Tarihi fantastik türündeki romanımız Osmanlı zamanında geçiyor. Yosma Hatun kendini çok iyi tanıyan bir yeniçeri. Ne halt yiyecekse genelde bunun farkında. Böyle sivri, uç bir karakterle başbaşa kaldığınızda ise gülümsememek elde değil. Bazen dünyadaki en mutlu varlık, bazen ise dünyadaki en ağzı bozuk kişi. Bu durum biraz da doğallığından kaynaklanıyor.

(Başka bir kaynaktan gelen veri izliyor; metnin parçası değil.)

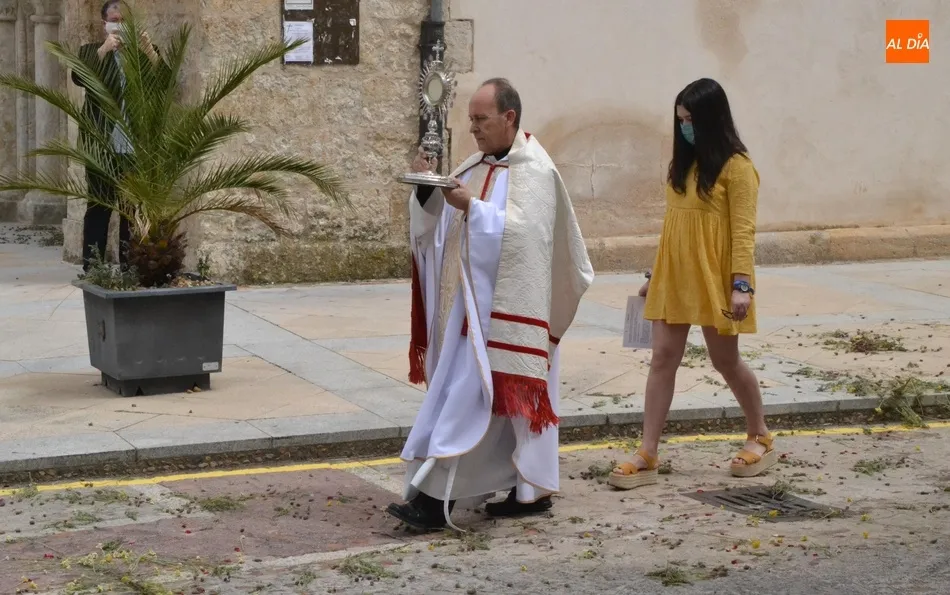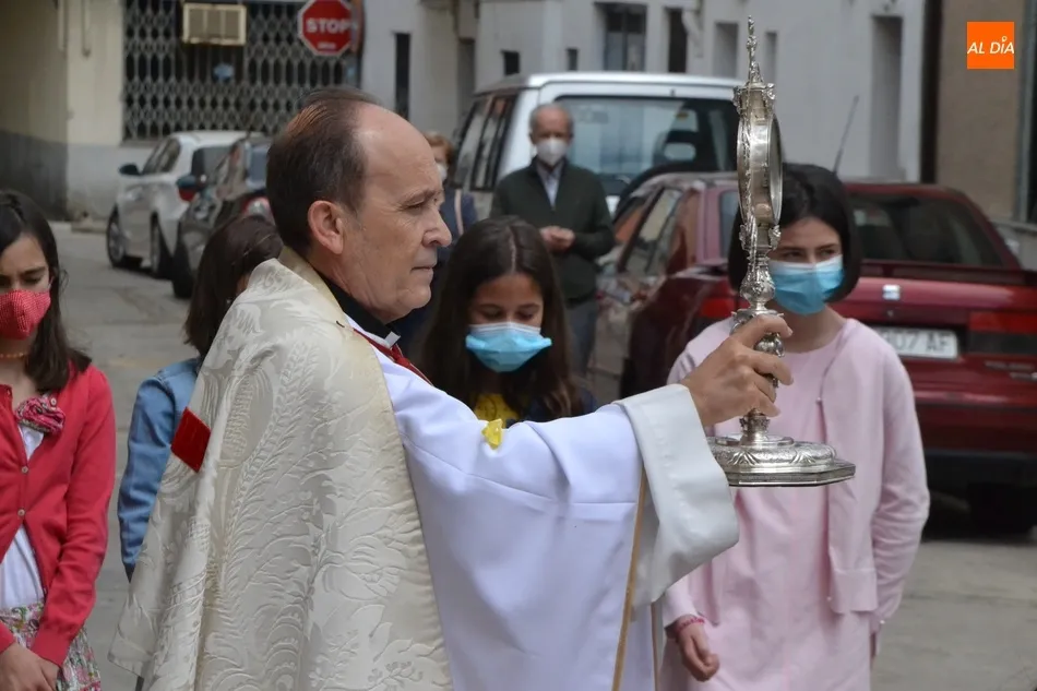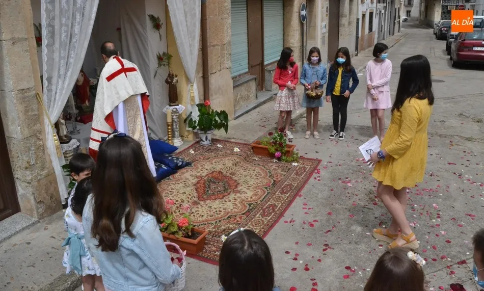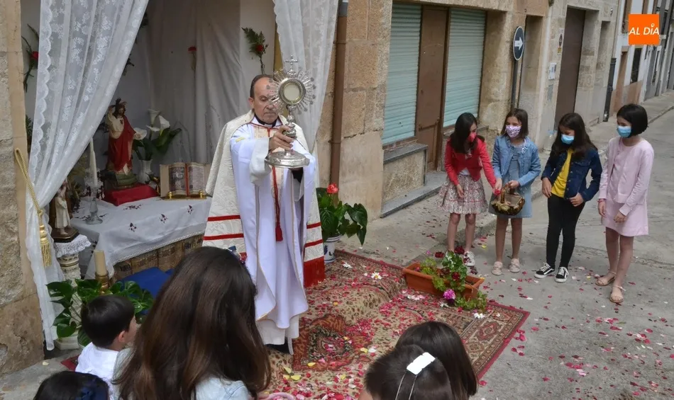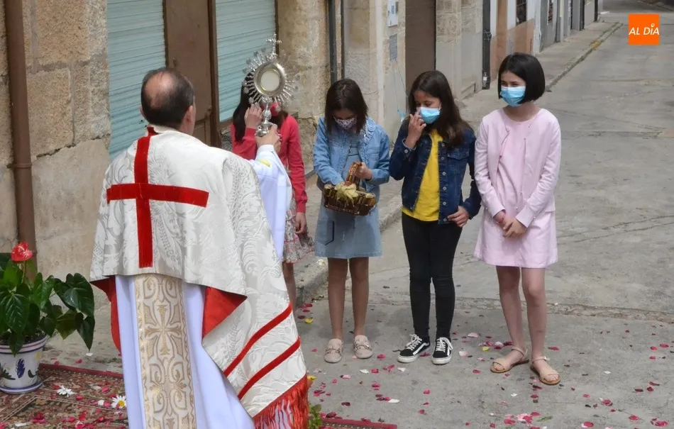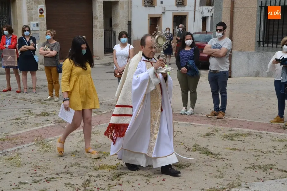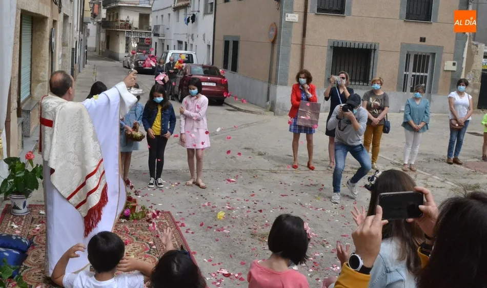 Los fieles no salieron a la calle (la celebración se remató posteriormente en el interior del templo), siendo presenciada la bendición únicamente por varias personas que estaban fuera, entre ellas varios niños que se encargaron de lanzarle pétalos a la custodia del Santísimo, permitiendo así mantener la tradición, ya que habitualmente la custodia recibe pétalos arrojados por los niños que han hecho la Primera Comunión en la Parroquia durante la primavera.

Peki ya Yosma’nın içinde bulunduğu bu roman bizlere neler anlatacak? Bunu görmek için sizleri arka kapak yazısını okumaya davet edelim:
16. yüzyılın sonlarında doğar Yosma, Hırvat toprağında. Hasbehas yeniçeridir, Osmanlıdır. Simsiyahtır saçı, kapkaradır gözü. Teni akça pakça, dili pabuç kadar. Fikri neyse zikri de odur. Ve bilinmeli ki gönlünde bir Şehzâde Daryal yatar, bir de intikam…
Geçmişten gelen bir hesabı vardır Yosma’nın. Irzına geçmişler, anasını öldürmüşler. Dört gözle beklemektedir sefer haberini. Ve gün gelir, ferman işitilir, sefer vaktidir! Viyana yollarına düşülecek, cenk edilecektir. Büyük müjdedir bu Yosma Hatun nazarında! Ama cengin dehşetli yanıyla, bu tahsilatın karanlık tarafıyla nasıl yüzleşecektir?
Buyurun bir yeniçerinin masalına… Pürdikkat yapışın bu cesur hatunun kelamına…
Şükrü Karakoç‘un kapak tasarımı, Ömer Ezer düzeltisi ve Yankı Enki editörlüğünde İthaki Yayınları etiketiyle raflara gelecek olan bu roman 248 sayfa.
Bu cuma çıkacak olan Bir Yeniçeri Masalı şu anda ön siparişte.
Her zaman şiirsel diliyle öne çıkan Hamit Çağlar Özdağ‘ı okumanızı öneririm, çünkü bu romanını çok sevdim!